The Chinese Pinyin converter is relatively mature, but some obscure rules still have poor support (then just make one yourself
Currently, the best user experience is with Google Translate, which can achieve capitalization at the beginning of sentences, word segmentation, and is free without ads.
This article serves as a secondary conversion to connect with it (
The following writing methods all follow the current writing “Chinese Pinyin Scheme” (PDF).

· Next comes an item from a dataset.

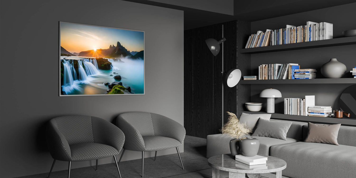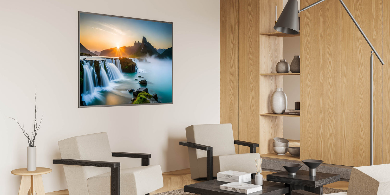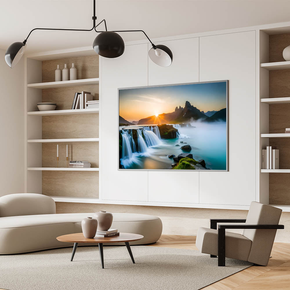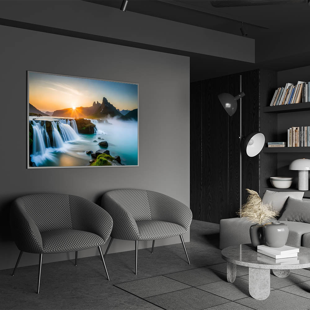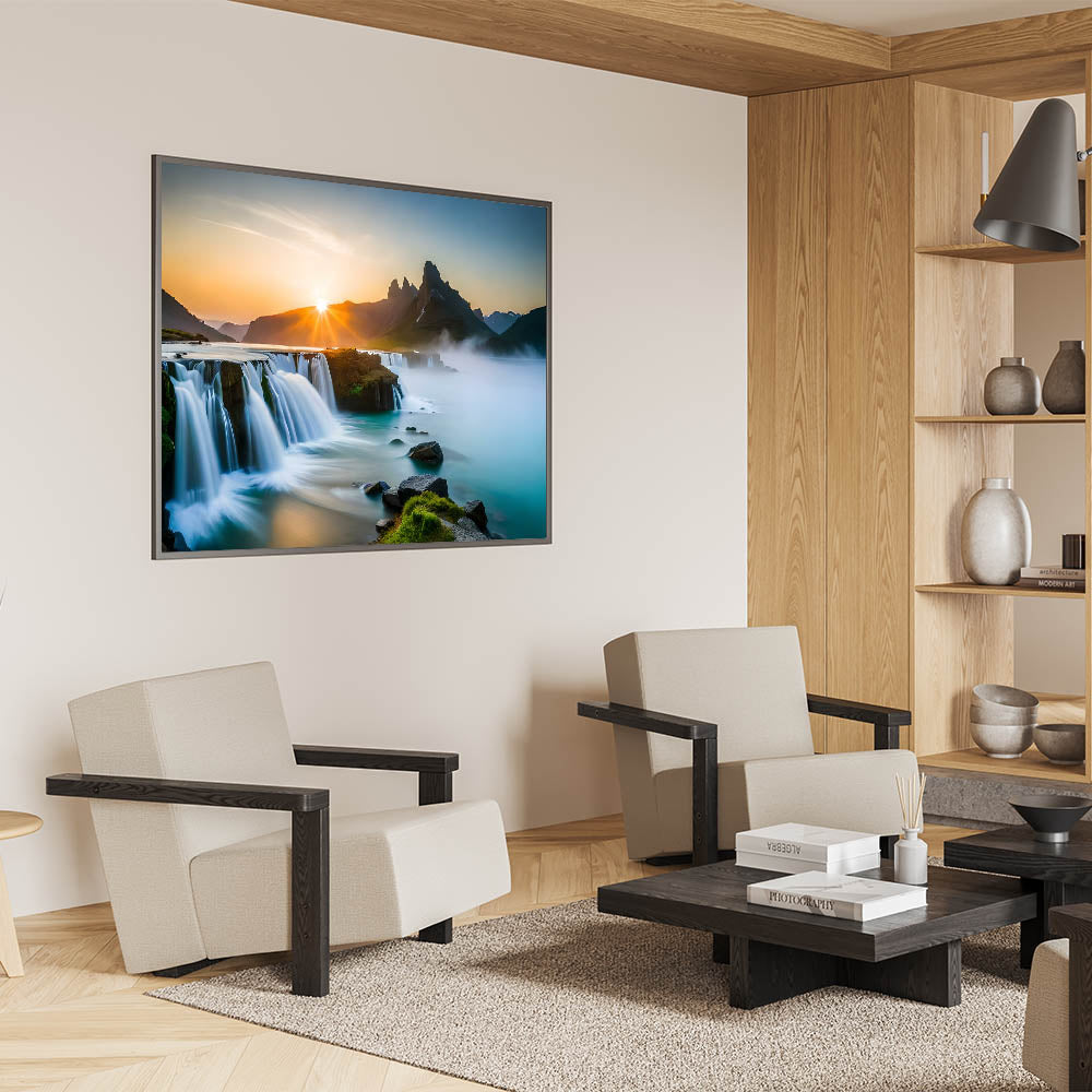 Transform your home with this stunning waterfall painting that captures the serene beauty of a sunrise-lit landscape. Whether displayed in a modern or traditional setting, this artwork is sure to evoke a sense of calm and elegance.

Special characters used in short pinyin:
-
zh → ẑ / Zh → Ẑ
-
ch → ĉ / Ch → Ĉ
-
sh → ŝ / Sh → Ŝ
-
ng → ŋ / ( NG → Ŋ ) 1
These few double letter combinations "ẑ, ŝ, ĉ" are easy to handle, but the following "ŋ" is a bit troublesome, such as:
- 相安 "xiang'an"
- 线杆 "xiangan"
This is because the silent symbol is automatically added only before syllables starting with the finals "a/o/e" to prevent confusion, and not added before the initials.
When there is no initial before "i/u/ü", add "y/w" as the initial letter.
So, to distinguish whether it is a syllable ending with "ng" or a syllable ending with "n" and starting with "g".
Only when "ng" is not followed by a final [āáǎàaēéěèeōóǒòoīíǐìiūúǔùuüǖǘǚǜ], it is converted to "ŋ".
Or it should also be converted only when followed by initials [bpmfdtnlgkhjqxzcsr] (
Erhua
The "er" of erhua is generally displayed as a neutral tone, that is, without tone marks.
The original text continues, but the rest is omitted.